Zucchini flower risotto
Zucchini flower risotto recipe in the zucchini category
Recipe ingredients:
- 4 ounces arborio rice
- 1 tablespoon finely chopped white onion
- 1 tablespoon finely chopped carrot
- 1 tablespoon finely chopped celery
- 3 tablespoons finely chopped zucchini
- 1/2 teaspoon minced garlic
- 3 tablespoons finely chopped italian parsley
- 3 tablespoons finely chopped basil
- 3 tablespoons finely chopped thyme
- 3 tablespoons finely chopped rosemary
- 3 tablespoons finely chopped chives
- 1 cup dry white wine
- 6 ounces zucchini flowers, coarsely chopped
- Hot vegetable stock or water
- Extra virgin olive oil
- Grated rocca reggiano cheese, optional
Recipe method:
- Saute carrots, onions, celery and garlic in 1 tablespoon olive oil until soft. Do not brown.

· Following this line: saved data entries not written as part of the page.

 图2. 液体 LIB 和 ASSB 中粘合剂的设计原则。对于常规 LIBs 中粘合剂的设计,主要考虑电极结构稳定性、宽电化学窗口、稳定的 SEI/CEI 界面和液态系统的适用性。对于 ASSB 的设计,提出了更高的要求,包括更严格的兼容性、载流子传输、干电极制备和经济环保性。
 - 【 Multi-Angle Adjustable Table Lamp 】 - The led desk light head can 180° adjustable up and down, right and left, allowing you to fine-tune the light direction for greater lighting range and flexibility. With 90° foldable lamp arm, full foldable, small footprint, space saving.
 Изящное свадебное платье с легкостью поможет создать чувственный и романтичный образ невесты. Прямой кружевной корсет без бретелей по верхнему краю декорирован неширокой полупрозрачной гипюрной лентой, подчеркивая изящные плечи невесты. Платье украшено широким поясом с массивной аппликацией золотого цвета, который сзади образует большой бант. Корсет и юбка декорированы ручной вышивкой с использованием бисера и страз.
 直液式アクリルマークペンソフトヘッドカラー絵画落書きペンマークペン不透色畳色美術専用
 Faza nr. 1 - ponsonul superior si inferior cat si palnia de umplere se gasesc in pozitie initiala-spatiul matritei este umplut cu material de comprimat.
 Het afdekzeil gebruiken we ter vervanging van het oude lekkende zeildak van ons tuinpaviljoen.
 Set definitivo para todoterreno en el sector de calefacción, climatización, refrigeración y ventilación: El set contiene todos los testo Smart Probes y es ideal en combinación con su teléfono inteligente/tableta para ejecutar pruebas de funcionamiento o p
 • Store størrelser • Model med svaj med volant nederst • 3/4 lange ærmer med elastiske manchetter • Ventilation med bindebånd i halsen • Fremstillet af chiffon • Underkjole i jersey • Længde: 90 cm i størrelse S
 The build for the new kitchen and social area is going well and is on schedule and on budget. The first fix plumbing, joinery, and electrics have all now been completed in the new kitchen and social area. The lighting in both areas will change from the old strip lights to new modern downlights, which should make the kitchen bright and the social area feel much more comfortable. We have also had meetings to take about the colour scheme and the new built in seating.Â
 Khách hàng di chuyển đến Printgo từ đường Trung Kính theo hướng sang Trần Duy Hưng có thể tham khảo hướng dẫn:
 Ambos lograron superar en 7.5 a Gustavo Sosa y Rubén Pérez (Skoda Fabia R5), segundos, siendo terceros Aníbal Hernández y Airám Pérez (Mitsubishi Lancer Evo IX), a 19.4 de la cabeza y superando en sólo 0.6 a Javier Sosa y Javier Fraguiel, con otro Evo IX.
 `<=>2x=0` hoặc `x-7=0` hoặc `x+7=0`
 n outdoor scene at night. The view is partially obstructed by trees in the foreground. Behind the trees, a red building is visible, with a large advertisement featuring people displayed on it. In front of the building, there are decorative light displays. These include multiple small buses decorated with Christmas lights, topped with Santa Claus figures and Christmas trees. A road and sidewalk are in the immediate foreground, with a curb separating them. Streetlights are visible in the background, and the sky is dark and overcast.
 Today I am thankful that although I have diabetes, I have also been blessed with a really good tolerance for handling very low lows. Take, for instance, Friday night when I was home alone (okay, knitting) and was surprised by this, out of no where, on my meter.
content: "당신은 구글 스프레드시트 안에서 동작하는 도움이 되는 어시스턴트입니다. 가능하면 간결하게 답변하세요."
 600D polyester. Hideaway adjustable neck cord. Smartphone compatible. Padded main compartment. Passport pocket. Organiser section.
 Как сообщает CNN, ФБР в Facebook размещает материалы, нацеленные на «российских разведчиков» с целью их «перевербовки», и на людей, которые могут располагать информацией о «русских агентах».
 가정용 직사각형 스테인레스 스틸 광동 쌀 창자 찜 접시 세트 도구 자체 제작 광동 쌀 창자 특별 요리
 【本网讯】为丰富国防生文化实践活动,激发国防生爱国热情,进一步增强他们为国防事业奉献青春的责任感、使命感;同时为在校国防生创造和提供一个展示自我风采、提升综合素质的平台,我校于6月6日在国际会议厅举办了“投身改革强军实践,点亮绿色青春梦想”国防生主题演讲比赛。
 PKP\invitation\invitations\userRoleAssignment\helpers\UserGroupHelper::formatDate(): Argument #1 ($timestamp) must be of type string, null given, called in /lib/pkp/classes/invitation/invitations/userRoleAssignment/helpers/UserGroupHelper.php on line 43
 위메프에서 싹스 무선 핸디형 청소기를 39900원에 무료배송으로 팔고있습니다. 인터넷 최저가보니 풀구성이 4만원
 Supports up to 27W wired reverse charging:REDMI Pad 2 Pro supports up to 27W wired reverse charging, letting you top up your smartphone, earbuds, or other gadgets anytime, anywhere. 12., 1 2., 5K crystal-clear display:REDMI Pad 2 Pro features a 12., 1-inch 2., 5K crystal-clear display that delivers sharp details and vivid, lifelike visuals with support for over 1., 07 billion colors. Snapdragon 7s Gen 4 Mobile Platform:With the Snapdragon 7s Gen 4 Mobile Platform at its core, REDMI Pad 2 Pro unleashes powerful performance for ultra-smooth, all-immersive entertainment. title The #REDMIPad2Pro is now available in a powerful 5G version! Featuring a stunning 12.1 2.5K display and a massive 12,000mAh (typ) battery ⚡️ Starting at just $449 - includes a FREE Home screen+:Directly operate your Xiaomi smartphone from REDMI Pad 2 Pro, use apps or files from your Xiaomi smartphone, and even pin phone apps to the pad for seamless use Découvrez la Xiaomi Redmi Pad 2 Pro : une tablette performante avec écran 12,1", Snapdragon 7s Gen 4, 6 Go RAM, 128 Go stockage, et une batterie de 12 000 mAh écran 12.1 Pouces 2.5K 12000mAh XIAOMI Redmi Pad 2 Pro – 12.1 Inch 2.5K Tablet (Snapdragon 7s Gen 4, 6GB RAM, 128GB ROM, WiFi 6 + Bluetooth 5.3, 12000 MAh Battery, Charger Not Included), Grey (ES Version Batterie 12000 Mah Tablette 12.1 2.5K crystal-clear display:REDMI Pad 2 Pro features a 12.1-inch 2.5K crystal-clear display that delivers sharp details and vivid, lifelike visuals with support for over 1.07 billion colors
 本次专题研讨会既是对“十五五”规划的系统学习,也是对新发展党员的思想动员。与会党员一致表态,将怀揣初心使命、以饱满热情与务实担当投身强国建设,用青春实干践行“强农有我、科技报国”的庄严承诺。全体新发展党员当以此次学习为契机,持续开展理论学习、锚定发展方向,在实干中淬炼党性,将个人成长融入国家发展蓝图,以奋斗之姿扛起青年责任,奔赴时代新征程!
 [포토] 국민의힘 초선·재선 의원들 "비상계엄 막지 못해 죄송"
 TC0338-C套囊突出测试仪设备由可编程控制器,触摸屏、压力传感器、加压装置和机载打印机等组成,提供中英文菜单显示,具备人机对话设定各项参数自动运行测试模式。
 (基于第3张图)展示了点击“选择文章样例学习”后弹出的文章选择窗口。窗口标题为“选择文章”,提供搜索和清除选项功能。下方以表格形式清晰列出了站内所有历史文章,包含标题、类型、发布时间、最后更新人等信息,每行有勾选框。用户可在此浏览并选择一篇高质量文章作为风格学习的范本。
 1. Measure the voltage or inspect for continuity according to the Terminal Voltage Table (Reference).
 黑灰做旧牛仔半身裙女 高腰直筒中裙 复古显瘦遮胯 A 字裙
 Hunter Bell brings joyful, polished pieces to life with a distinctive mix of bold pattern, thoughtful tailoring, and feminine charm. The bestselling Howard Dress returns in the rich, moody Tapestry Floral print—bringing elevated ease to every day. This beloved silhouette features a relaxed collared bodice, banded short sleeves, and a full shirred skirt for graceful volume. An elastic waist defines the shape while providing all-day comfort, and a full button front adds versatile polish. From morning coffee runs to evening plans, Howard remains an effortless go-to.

- Add rice and continue to cook for one minute.
- Add wine and cook until the wine is almost evaporated.
- Add vegetable stock or water 4 ounces at a time, each time letting the liquid almost evaporate.
- Cook for 20 minutes, stirring constantly, before you add the zucchini and the zucchini flowers.
- Finish cooking until the rice is al dente and there is moistness similar to oatmeal.
- Turn the heat lower, while stirring.
- Add the herbs, 2 ounces olive oil and 2 ounces cheese.
- Season for salt and serve on a dinner plate.